Is “the right” really the question, or is it a question of responding right? After being called illegitimate by Rep. John Lewis (D-GA), Sean Spicer tells CBS This Morning, Donald Trump had every right to respond to the accusation, as Trump did on Twitter. Lewis is an “icon” on civil rights, but if he’s not civil in politics, then he should expect a response in kind:
“I think John Lewis is an icon in both civil and voting rights,” he said. “That’s why I think his comments were disappointing. John Lewis, more than anybody, understands the need to enfranchise people, to get them out to vote and when he makes a comment about the illegitimacy of an election and the illegitimacy of the president, I think that really undermines the work that John Lewis has done because he’s been such a champion and a hero of voting rights and working to get more people to vote.”
Spicer added, “The president-elect has a right, as he’s done over and over again, of fighting back and making sure that he shows that he’s not going to sit back and take attacks without responding.”
“Was that necessary?” Charlie Rose asks, and that’s the real question here — for both men. I agree with Spicer about Trump’s right to respond, but that didn’t make the response right, and certainly didn’t make it effective. I also agree with Spicer’s decision to defend it in this manner too, however little it will help. Much of the media coverage yesterday cast this as an attack by Trump on a “civil-rights icon,” as Spicer put it, but in reality it was a counterattack to an opposition figure making an attack that ten weeks ago Lewis and his party thought was the ne plus ultra of superbad for America. At least Rose gets that sequence correct in his question to Spicer. Just because someone is a legitimate hero — as Lewis certainly was in the civil-rights movement — doesn’t mean they’re always right, and certainly doesn’t mean people can’t counter attacks and criticize them as part of engaging in the public sphere.
On the other hand, this looks like a pure trap by the Democrats, one into which Trump blithely walked. They know that Trump can’t help but respond with personal-tinged attacks when he’s criticized in public, so they put their civil-rights icon on stage to attack Trump’s illegitimacy on the weekend before Martin Luther King Day. All that’s missing is Admiral Akbar spotting the Imperial forces swarming around the Death Star — and yet Trump didn’t see it coming. Instead of pointing out the continuing Democratic hypocrisy on election and legitimacy, Trump attacked Lewis personally. Voila! Democrats got the media narrative they wanted coming into MLK Day, and the media got the excuse they needed to put Team Trump on the defensive.

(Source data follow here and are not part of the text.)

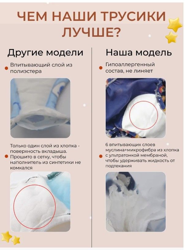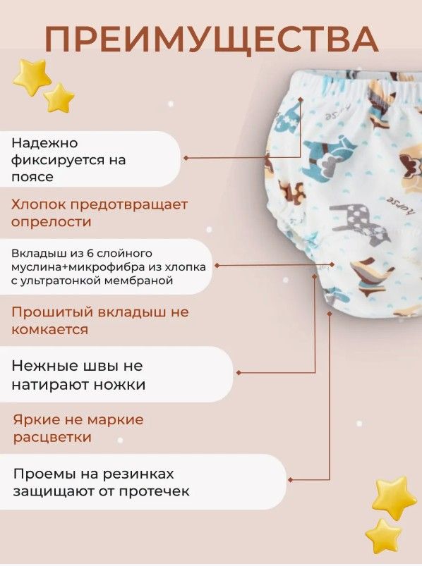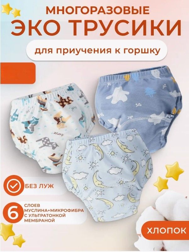 Выбирая многоразовые трусики приучение к горшку Вы заботитесь о природе. Наше изделие для детей состоит из основной хлопковой ткани с рисунком и вшитого вкладыша (основная ткань трусиков из хлопка+микрофибра хлопковая с ультратонкой мембраной+6 слоев муслина). Обеспечивают комфорт и безопасность при ношении. Благодаря своей многоразовой функциональности экономят ресурсы.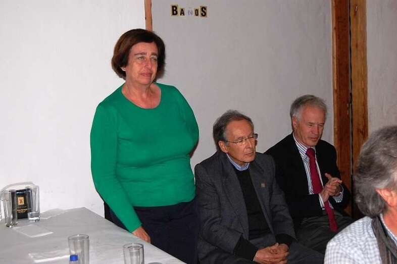 Elisa Rodríguez, a la que la Orden dio la bienvenida esta noche, acudió acompañada de su marido. Se da la circunstancia de la primera mujer del grupo es prima del promotor de la idea de abrir la Orden a las mujeres.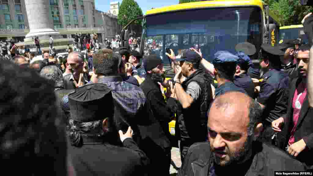В Тбилиси тысячи сторонников православной церкви помешали сегодня проведению шествия представителей сексуальных меньшинств, приуроченного к Международному дню борьбы с гомофобией. Они прорвали оцепление, заполонив улицу, где шествие должно было состояться, и заставив активистов ЛГБТ-движения уехать в автобусах под охраной полиции.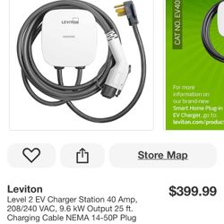 Leviton Level 2 EV Charger Station 40 Amp, 208/240 VAC, 9.6 KW Output 25 ft. Charging Cable NEMA 14-50P Plug EV40P$300Mesa, AZ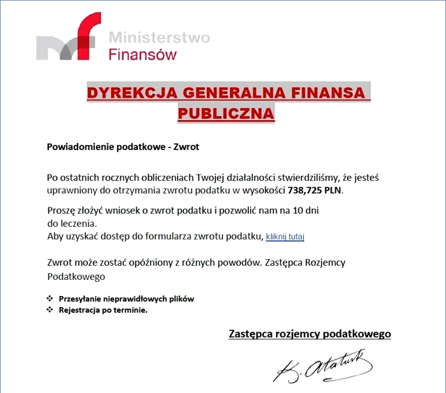 - Do użytkowników poczty elektronicznej trafiają wiadomości dotyczące otrzymania „zwrotu pieniędzy za ostatni rachunek podatkowy".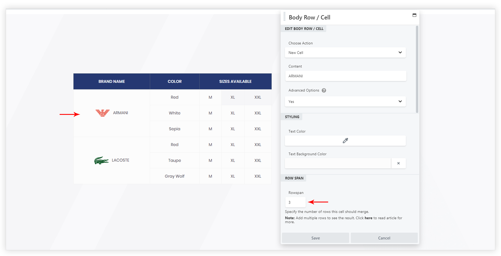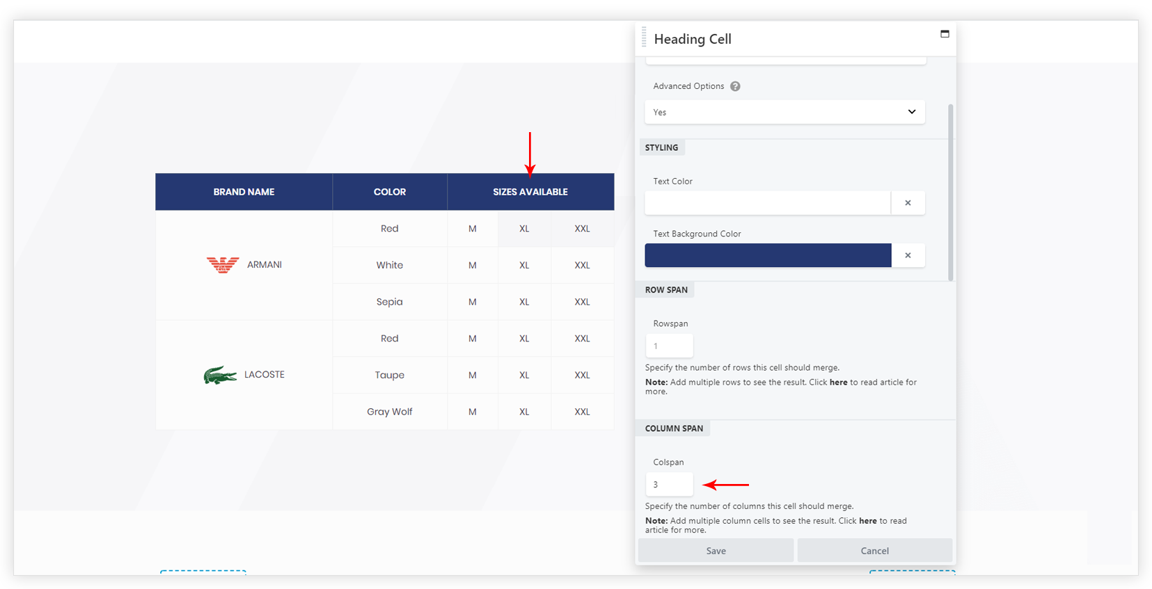 For Example – If you wish to combine 2 columns to the current cell then add Column Span value 3. It will add 2 columns to the current cell.

Joe Manchin seems to be emerging as the voice of reason in the post-election period. In his appearance on Face The Nation, the Senator from West Virginia said both men need to work on their people skills in order to work on the people’s business over the next four years. He criticized Lewis in the manner that Trump should have used, pointing out that all of the Democratic stone-throwing over the election is giving Russia exactly what they wanted in the first place:
“I’ve got the utmost respect for Congressman Lewis. He’s an icon, if you will,” Manchin told CBS’ John Dickerson. “I just think that was uncalled for. I just wish that rhetoric would tone down from both back and forth.”
Lewis had said last week he doesn’t view Trump as a “legitimate” president, nor does he look forward to working with the president-elect once he enters office.
The “bickering going on back and forth” between Lewis and Trump makes the U.S. look weaker to its allies, Manchin said.
“We’re bigger than this, and we’re going to show them we’re not going to change and not going to alter how we work and function as Congress, as a government and the United States of America,” he added, describing such bickering as “non-productive.”